Changement de lieu de travail.
Est-il légalement possible pour un employeur d'imposer à un salarié un changement de lieu de travail, situé dans le même département et distant de seulement 35 kilomètres ?
CSE
Est-il légalement possible pour un employeur d'imposer à un salarié un changement de lieu de travail, situé dans le même département et distant de "seulement" 35 kilomètres ?

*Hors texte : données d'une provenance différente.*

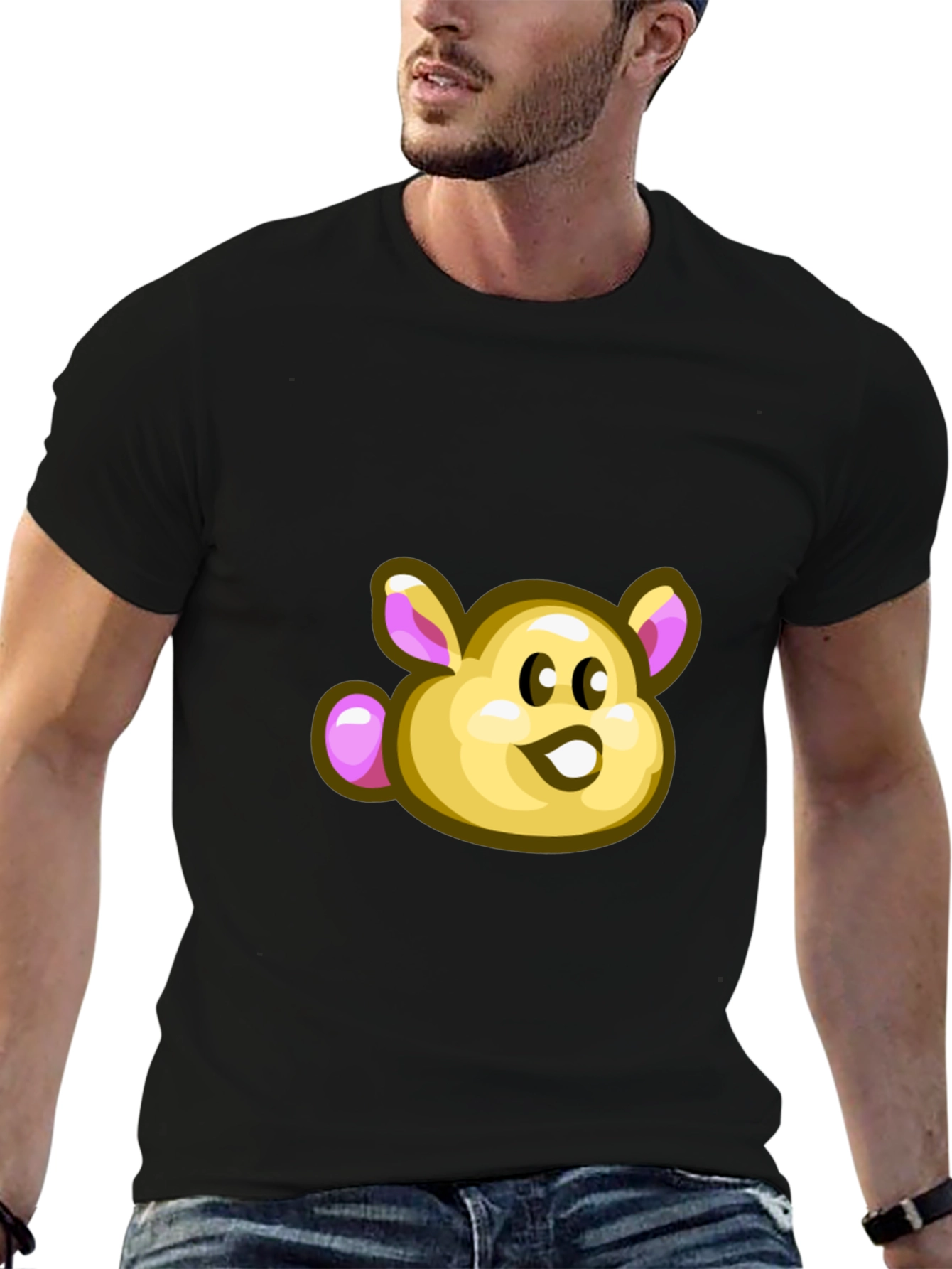 Show off your playful side with this black t-shirt featuring an adorable hamster graphic. The bright, cartoon-style hamster design brings a fun and cheerful vibe to any outfit. Made from comfortable materials, this tee is perfect for everyday wear, casual outings, or lounging at home. Its classic fit makes it versatile and easy to pair with jeans, shorts, or joggers. Express your unique style with this eye-catching and conversation-starting tee!
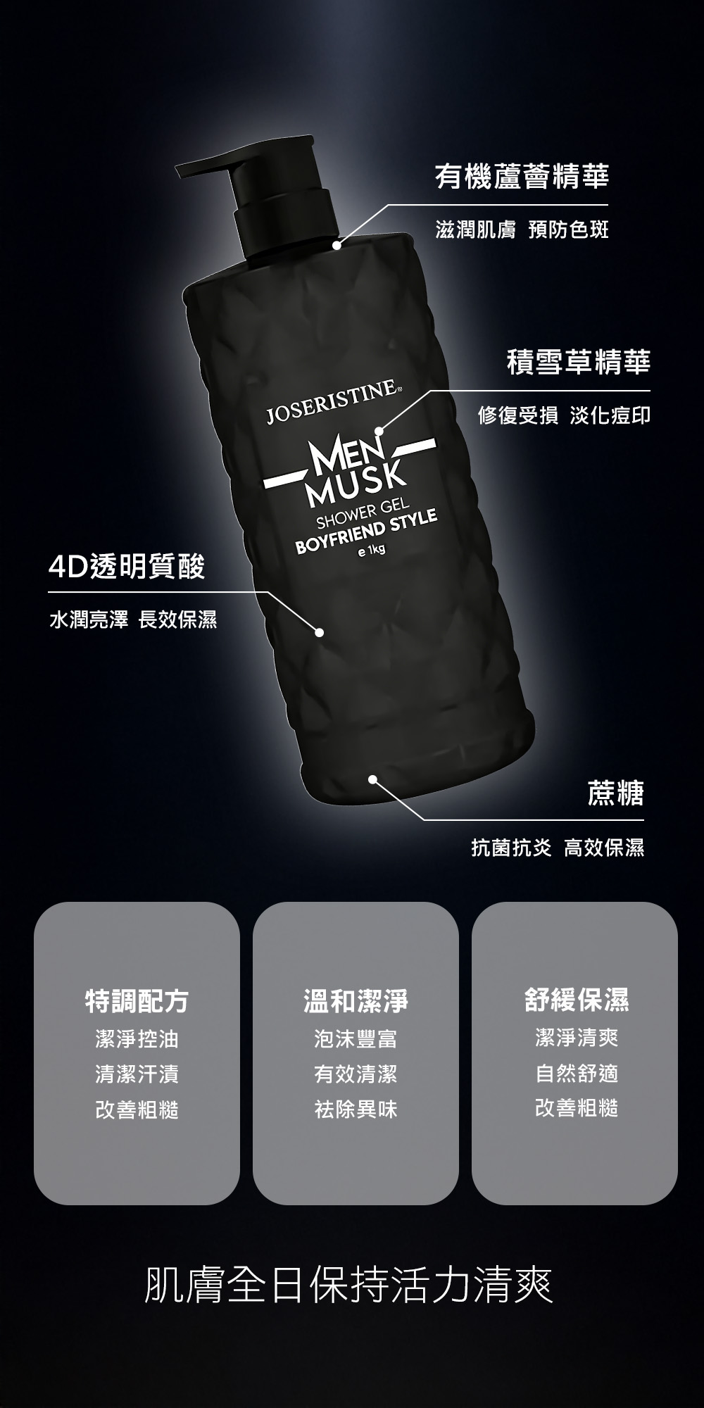 專為男士調配的潔淨控油配方,令肌膚全日保持活力清爽,同時蘊含4重透明質酸、有機蘆薈及積雪草精華,潔淨肌膚同時呵護肌膚,持久鎖緊肌膚水分。再配合獨特的香味,沐浴後芳香四逸,彰顯風度翩翩的非凡魅力,散發男士性感魅力。

Pour rappel, la mention du lieu de travail dans le contrat de travail a une valeur essentiellement informative, à moins qu'une clause explicite et précise ne stipule que le salarié est exclusivement affecté à cet endroit (Cass. soc., 26 sept. 2006, no 04-46.734 ; Cass. soc., 26 oct. 2011, no 09-71.322). En principe, cela n'entrave pas la possibilité pour l'employeur de proposer une mutation au salarié dans le même secteur géographique, ce qui devient alors une obligation pour le salarié, normalement non susceptible de refus. Cependant, si la mutation concerne un secteur géographique distinct, l'accord préalable du salarié est requis. La notion de secteur géographique n'étant pas définie légalement, il revient aux juges de décider si la mutation s'inscrit, ou non, dans le même secteur géographique. Pour évaluer si les secteurs géographiques sont identiques ou non, les juges prennent en considération :
La distance entre le nouvel emplacement et l'affectation précédente,
L'appartenance (ou non) des deux lieux de travail au même bassin d'emploi,
Les moyens de transport desservant les lieux et la durée supplémentaire de trajet que représente pour le salarié le fait de se rendre sur son futur lieu d'affectation.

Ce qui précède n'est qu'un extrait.